Mark backed up. The hen couldn't bend her legs; she was forced to waddle. Not the hen. Him. He was the hen. Not just a hen -- 2D. He was 2D. The world, as he saw it, was 2D. Watching himself, watching a cartoon.
Pressure built in Mark's gut. He was about to throw up. His hands -- his wings -- searched over his body. Looking for something. It felt like he still had fingers, but they were webbed together with so many feathers that they were little more useful than flippers. Phone. Knife. Where did they go? He didn't have pockets. He didn't have clothes.
"Where are my things?"
"Gone." Vick still had trouble looking at Mark.
"Gone?" Something else was missing.
"When I shoved you out of the way, there was a puff of smoke around you. When it went away, you... changed..."
Mark couldn't be hallucinating. He never had an experience like this before, and the feathers he felt were real, the growing pain in his guts was real, the general discomfort that, on top of all of that, there was something direly wrong with his body--
"Cluh--awk!" The pressure was gone. The red things around his face flapped. Mark felt lighter. But, there was something behind him.
An egg, white as his feathers, half his size.
Mark's face was warm. And red. He squeezed his eyes shut, but was forced to watch himself, blushing, dancing in place, trying to hide his body. An egg. He had laid an egg.
"I'm sorry," said Vick. "I just wanted to protect you from the tape, and now I've--"
Mark clucked. He let go of himself and waddled around the egg. His egg. He was a hen. He was a cartoon. He was a girl!
Despite his phone being gone, the room was lit, albeit dimly. It was enough to see the doorknob looming far above him. Except, it wasn't so much as looking up as it was looking at himself -- he, he, he was a he, regardless of what he was now -- looking up. His stomach felt like it contained a bowling ball. Another egg.
Mark regained control of his breathing. "Is there a way I can not... lay... eggs?"
"When I was stuck in the tape, the hen would only lay eggs whenever she was stressed out. I don't know how much that helps."
Oh, great! All he had to do was take his mind off the fact a core part of him was wrong, and if he didn't, he would be constantly reminded of it.
"So," Mark began, extending his wings to resist the urge to cover himself, "what exactly happened to you?"
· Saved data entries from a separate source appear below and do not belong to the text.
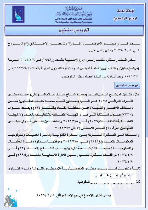أعلنت المفوضية العليا المستقلة للانتخابات، اليوم الأحد، أن المرشح الفائز حسنين الخفاجي سيكون بديلاً عن المرشح الفائز محمد شياع السوداني في مجلس النواب.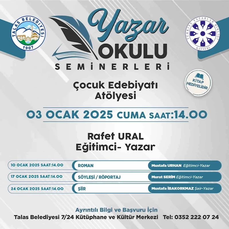 Ocak ayı boyunca yapılacak Yazar Okulu Seminerleri, Talas Belediyesi’nin diğer tüm programlarında olduğu gibi ücretsiz olarak gerçekleştirilecek. Programlarla ilgili 0352 222 0724 numaralı telefondan detaylı bilgi alınabilir.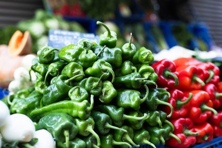 A bunch of green peppers are piled on top of each other. The peppers are all different sizes and shapes, but they all have a similar color. Concept of abundance and freshness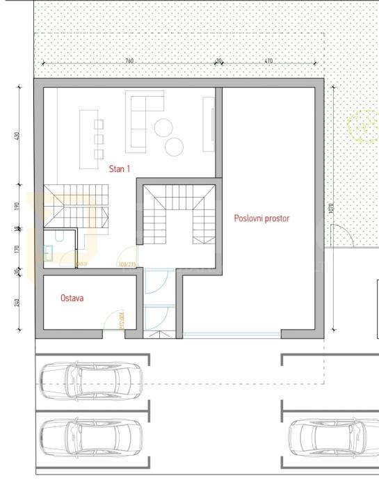 Ne propustite priliku za kupnju stana vaših snova po realnoj cijeni. Na skicama označen kao stan 1. na 1. katu.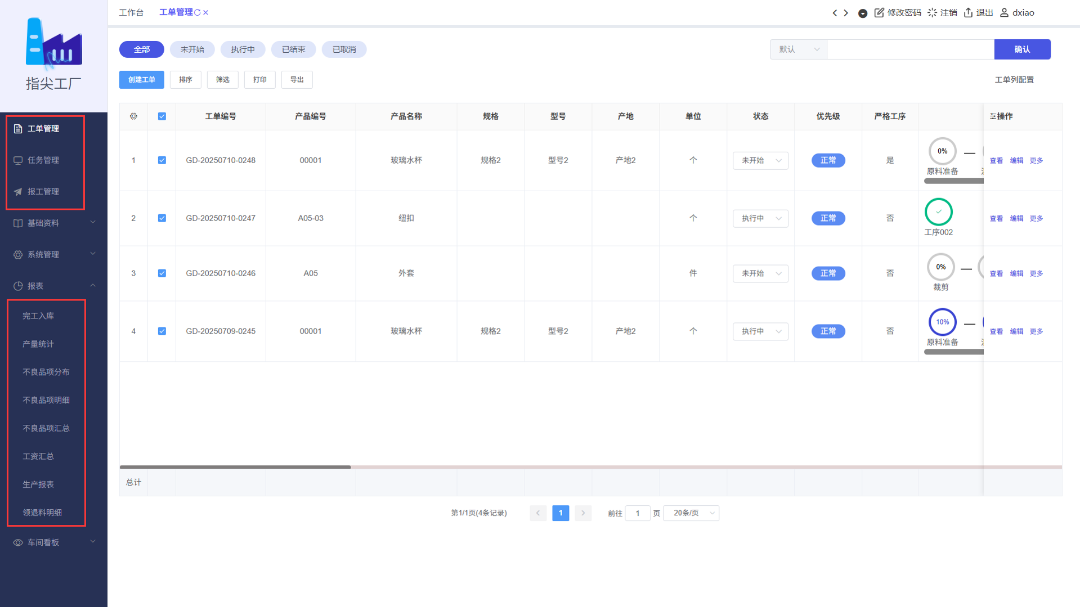 工單、任務、報工、所有報表均支持打印、導出功能。

Vick scratched his head. Tufts of fur stuck out like bristles on a paintbrush. "I used to watch cartoons a lot. Not just with my wife and kids, but also on my own. That I remember. I loved collecting them -- I had to have, otherwise it wouldn't make sense that I went to the garage sale where I bought that cursed tape.
"It was late at night, the kids were in bed, and I had time for myself. I put it in the VCR, and... I think I got zapped. Something happened, and I blacked out. When I came to, I was in the world of the cartoon, and I saw myself, now a cartoon fox, constantly, like my eyes were plastered to the TV. Is that what you're seeing too?"
"Yeah." Some feathers were sicking out of Mark's wings. Unable to use his fingers, he brought them to his beak and guided them back into place, keeping his tongue as far back as possible. He felt a little better. His head was merely a shade of pink now.
"I couldn't move. I couldn't talk. Really, I was just a doll, doing your normal cartoon things. No idea what I was saying, or what anyone was saying; I couldn't tell you what language it was. There were a handful of characters -- an eagle, a giant frog, a tiger about the size of my finger -- but almost all the time, I was with a hen. She did everything she could to make me suffer. She was as small as you are. But somehow, she was strong."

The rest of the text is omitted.